A long lapse in blogging, partly due to an unresolved problem with the image uploader. So for now, it’ll be straight text, plus a few links.
In September Video Artists International released a DVD with performances of Rimsky-Korsakoff’s Mozart and Salieri and Dargomyzhsky’s The Stone Guest, both done at the Bolshoi Theatre (in 1981 and 1979 respectively). I provided the on-screen subtitles.
It was an interesting process. I had already done some informal subtitling, earlier in the year, of Youtube clips, using my translations of Mozart and Salieri and The Woes of Wit. I was pleased with how easily the translations matched up with the lines spoken on screen. I made no cuts or simplifications, and it was possible to get all the relevant text into titles of manageable length that stayed on the screen long enough to read them without falling behind the spoken dialogue. I felt like it was a good test of the resilience of my versions.
These are verse translations, of course, but one thing that becomes evident right away is that in subtitles you have to pretty much forget about the printed verse format. Regular line breaks, capital letters to begin lines, indentations for half-lines, and all that, just get in the way and are pretty pointless (rhyme changes things a bit; that has to at least not be obscured). The actors are delivering the words at their own pace, according to their own interpretation, and “chunking” different sections of dialogue in the way that feels most effective to them. Made into readable title screens, these chunks may not look like verse at all.
But they are, and good actors would bring out the rhythm even in the absence of these printed cues. They might do all kinds of things that would drive teachers of “proper” verse delivery wild, but as long as they are focusing on what is being said, verse on the stage can mostly take care of itself.
Opera introduces at least one more layer of interpretation, but in these two “chamber operas” the composers adhered to Pushkin’s texts with remarkable fidelity. There are few cuts, discreetly made, which leave the shape of these brilliant mini-dramas very much intact.

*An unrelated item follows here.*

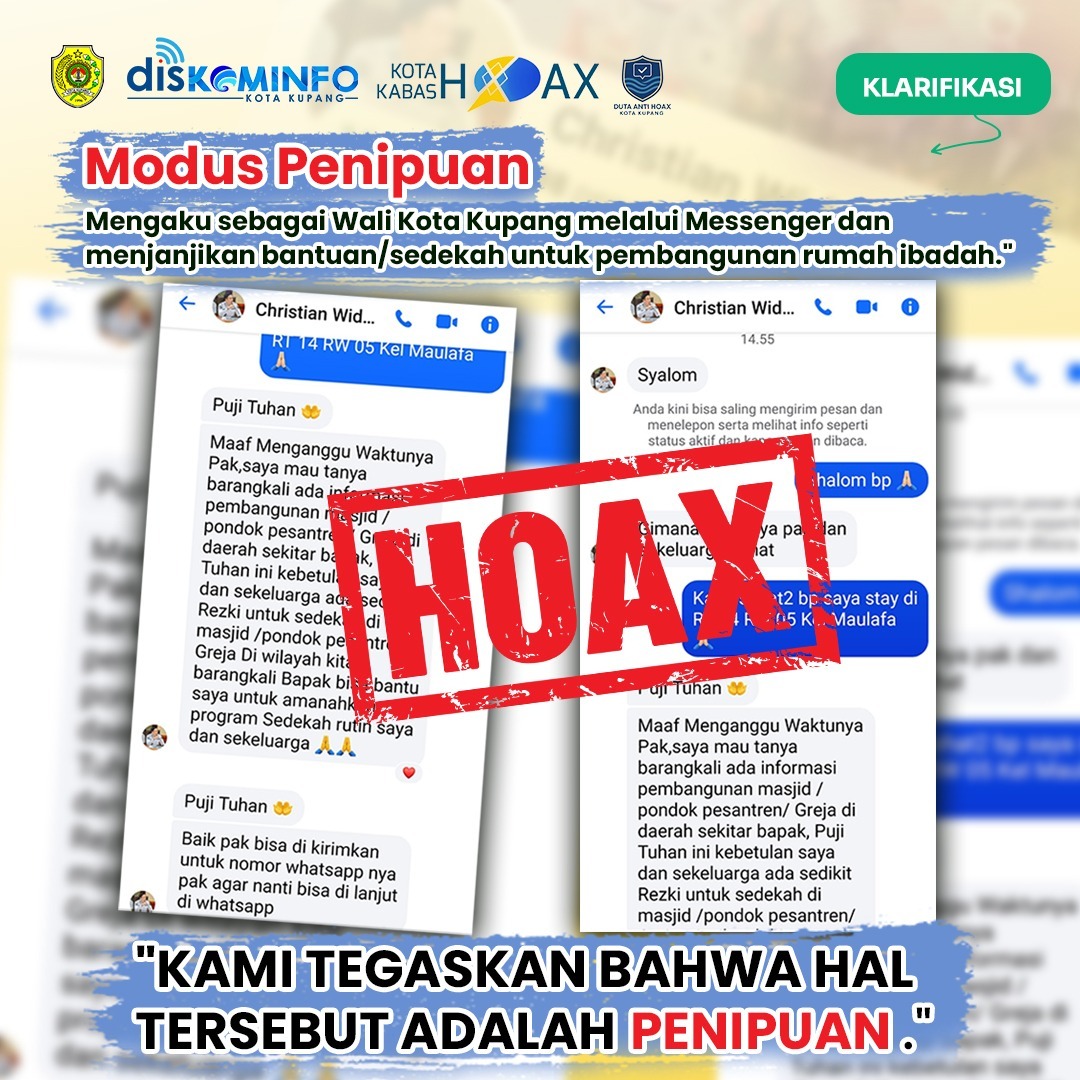 Pemerintah Kota Kupang menegaskan bahwa segala bentuk komunikasi resmi dari Wali Kota tidak dilakukan melalui akun pribadi yang tidak terverifikasi, apalagi dengan meminta atau menjanjikan bantuan secara langsung melalui pesan pribadi.

Doing subtitles for a commercial release, though, I did have to simplify some titles. At least I was asked to, and it made sense to do it. Limpid as Pushkin’s verse is, there are times when it is just too complex, in terms of syntax, image, or rhetoric, for an audience to take in by brief reading on a screen, while listening to a sung performance. In such cases a less elaborate version of the lines can be helpful. But most of the titles are unsimplified.
More recently the Calgary Philharmonic Orchestra asked permission to use my text in supertitles of a live performance of the Rimsky-Korsakoff Mozart and Salieri. It was performed in Calgary on Oct. 30.